Aim of the exercise
Word for word, transcribe the data below from the line with "Warning! Do not" to the line with "参加节目身穿一袭明黄色改良旗", keeping both of those lines.

Provided data
※
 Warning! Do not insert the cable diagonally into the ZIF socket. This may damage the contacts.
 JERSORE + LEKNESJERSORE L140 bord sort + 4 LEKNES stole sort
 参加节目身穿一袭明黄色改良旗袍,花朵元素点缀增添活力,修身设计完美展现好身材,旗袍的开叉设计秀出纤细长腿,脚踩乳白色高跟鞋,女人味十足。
※
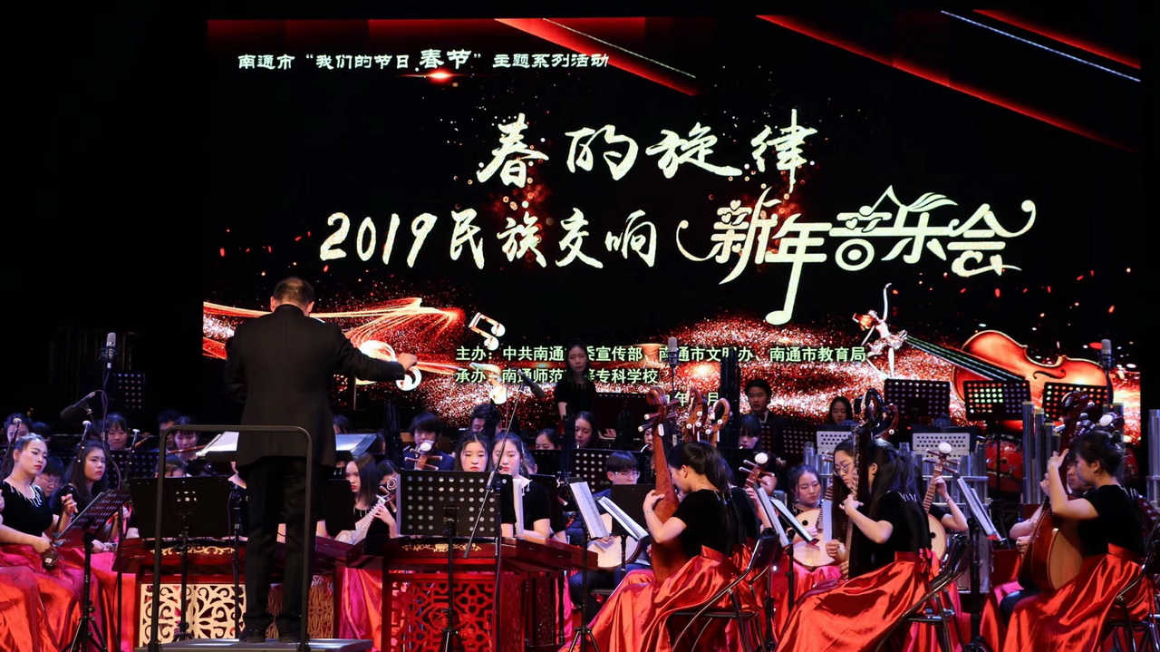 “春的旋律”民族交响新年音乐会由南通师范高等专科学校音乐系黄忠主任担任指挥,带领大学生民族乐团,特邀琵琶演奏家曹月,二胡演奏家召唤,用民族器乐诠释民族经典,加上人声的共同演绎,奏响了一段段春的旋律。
※
Solution
 Warning! Do not insert the cable diagonally into the ZIF socket. This may damage the contacts.
 JERSORE + LEKNESJERSORE L140 bord sort + 4 LEKNES stole sort
 参加节目身穿一袭明黄色改良旗袍,花朵元素点缀增添活力,修身设计完美展现好身材,旗袍的开叉设计秀出纤细长腿,脚踩乳白色高跟鞋,女人味十足。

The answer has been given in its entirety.